(7 years ago)
Lords ChamberI agree with my noble friend. One positive fact that emerged from this audit was that 85% of ethnic minority people believe that they are British and identify very strongly with their community. That is a very positive sign. My noble friend is right that in many of these indicators, the Indian community does well; but, by contrast, they reveal that the Bangladeshi community does not do nearly so well on many of the same indicators. We need to understand the reasons, address them and see whether we can bring those members of the ethnic minorities who do not achieve quite as well as the Indian community in the respect that my noble friend mentioned up to the same standard.
My Lords, although, let me be clear, the Church of England has nothing to teach anyone else on this subject—our record is not a good one—in the diocese of Chelmsford, where I serve, which includes the east London boroughs, which have some of the most diverse communities in Europe, we have found that of course there is racism and xenophobia but there is also what has been explained to me as unconscious bias. It is not quite the same as racism; it is those things which prevent us from seeing each other as clearly as we need to. Both in the Church of England generally and in the diocese where I serve, we have done a lot of training over the past couple of years to help people to see their own unconscious bias towards people, and this is already bearing fruit in the church context with black and global majority people coming forward into positions. I wondered whether the Government had looked at that both for us and in wider society to try to move the debate on beyond the binary thing of, “Somebody is a racist or they are not”.

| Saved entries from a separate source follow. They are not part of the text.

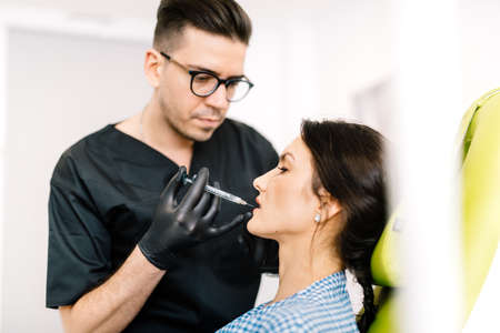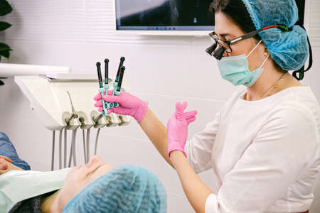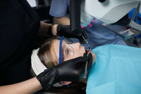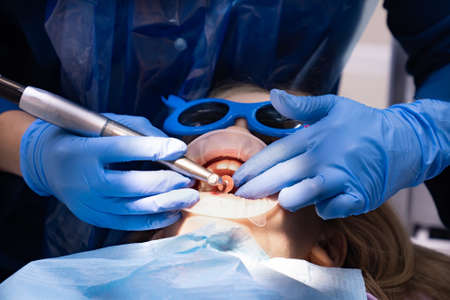Dentist doing a dental treatment on a female patient. Surgery close-up.
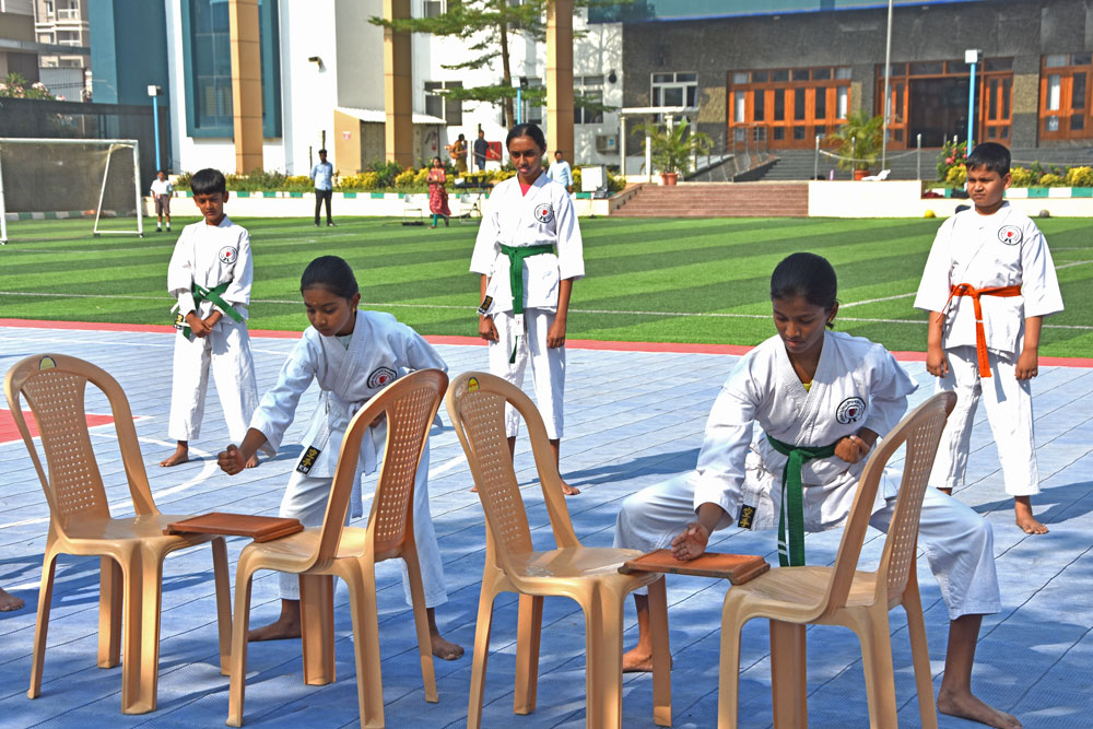 including Basketball, Football, Karate, and Instrumental Music. The culminating programme attended by the proud parents of all the participants commenced with a warm welcome address by the school Principal. Each team showcased their learning through impressive,
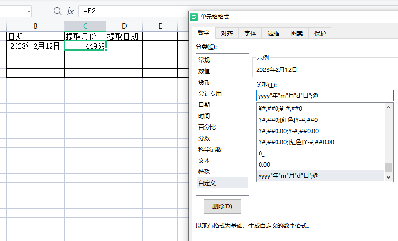 “月” 步骤1:设置C3=B3;步骤2:选定C3,点击右键,选择设置单元格格式,选择自定义;步骤3:将类型中的内容删除,重新输入M,或者M月、M”月”
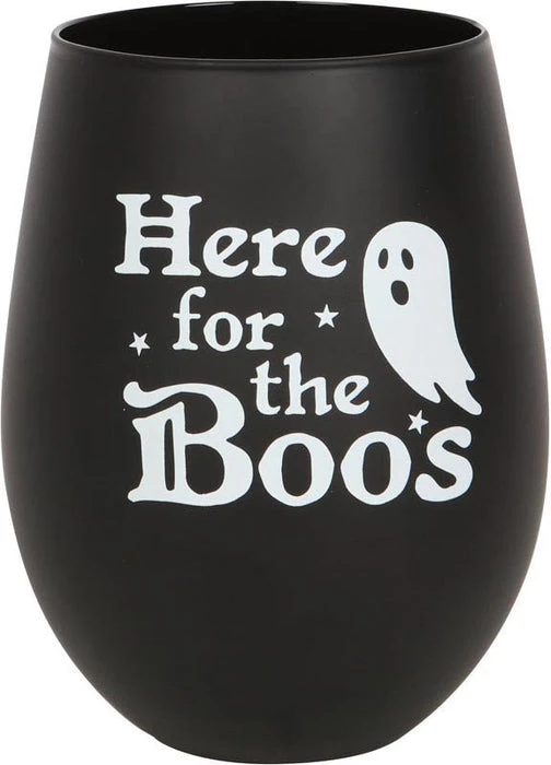 Add your magical cocktail concoctions to this spooky stemless glass featuring the cheeky text ‘Here for the Boos’.ย
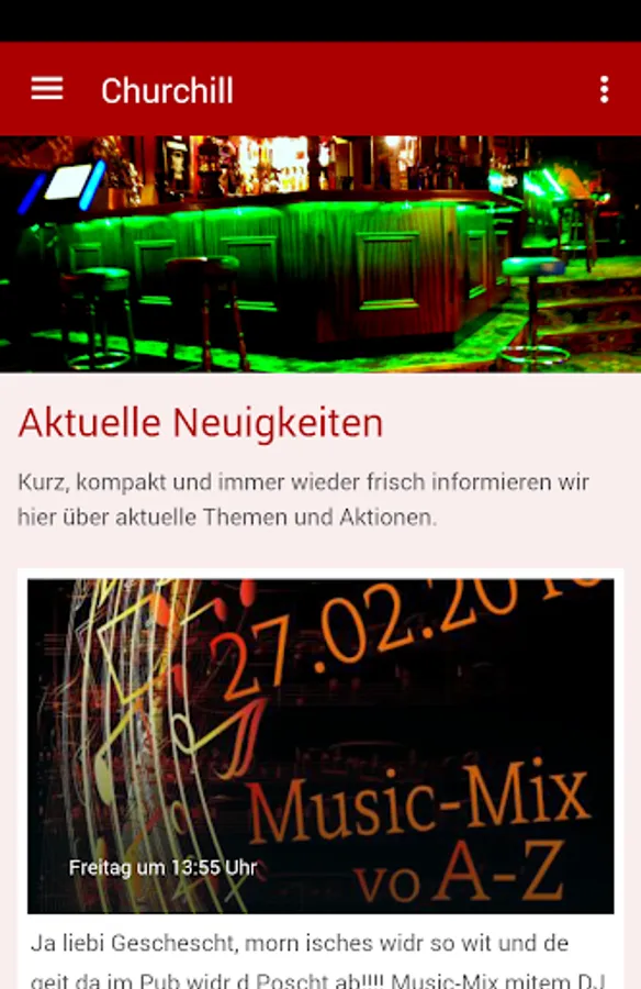 This app serves our customers to stay up to date with what's on Churchill Pub such Event of Use and Kornzerte will be like a pair of images from the pub and the party's are published to see.
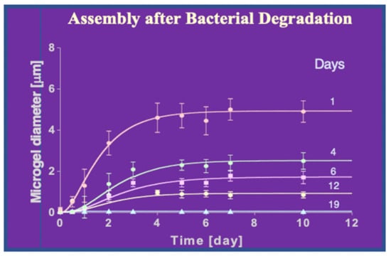 2]. However, as UV polymer cracking of DOM polymers increases with time of exposure to UV-B, DOM assembly and gel formation slow down, equilibrium size of the microgels size decreases, and finally, assembly virtually fails in DOM exposed to UVB for 12 h. Data points correspond to the mean ± s.d of 30 DSL measurements.
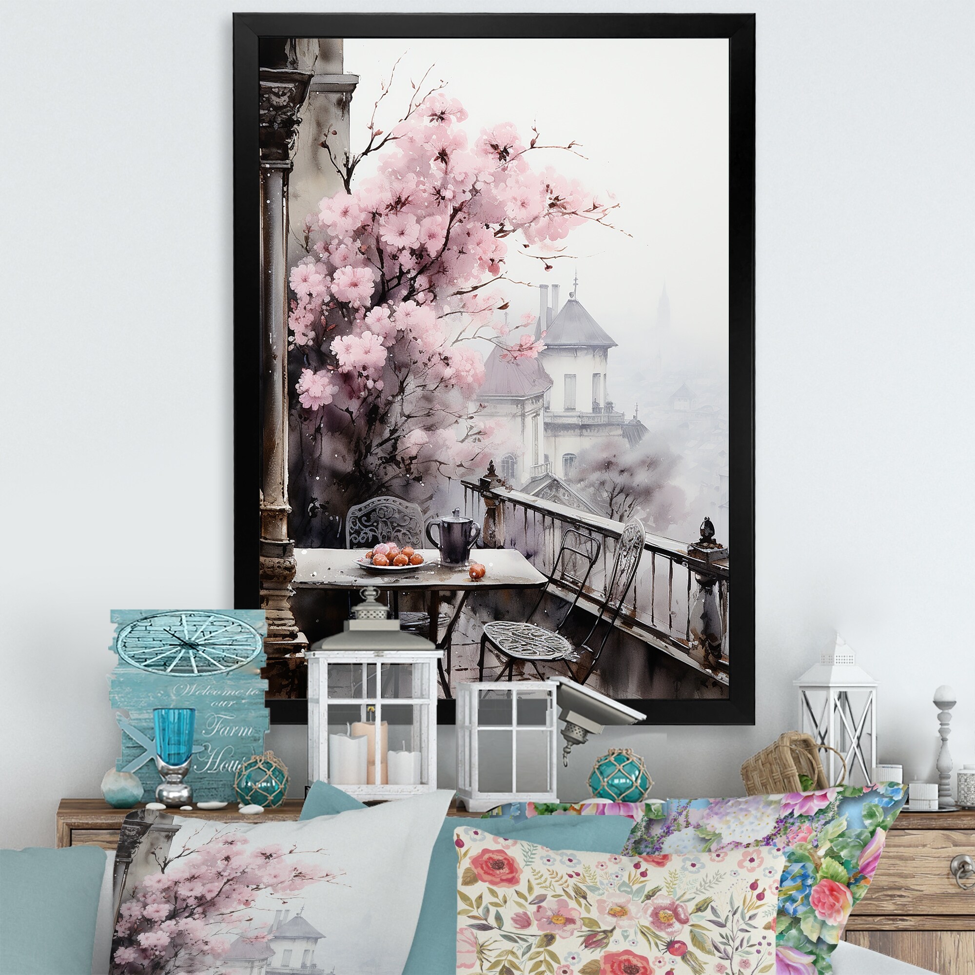 Designart "Pink Paris Montmartre Mist" City Paris Framed Canvas Wall Art
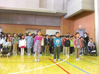 月曜日の朝会で、1、3、5年生による発表がありました。
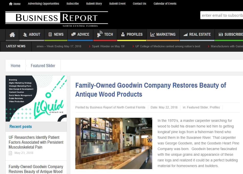 Special thank you to Tracy Wright and the Business Report of North Central Florida for writing and publishing an awesome feature on Goodwin Company. Check it out:

I welcome the work which the right reverend Prelate has been doing in east London, in his diocese. If there is a template there, a model of working which can have wider application, of course the Government would be interested. One thing that I discovered from going on to the website this morning, which I had not appreciated before, is that black people are disproportionately more likely to engage in voluntary work than any other group. If one digs into the audit, there is a lot of good news there about ethnic minorities, which I hope we can now put in a wider domain. If we can build on the good work that the Church has done in east London and apply it to some other areas where there are big ethnic minority populations, the Government would be delighted.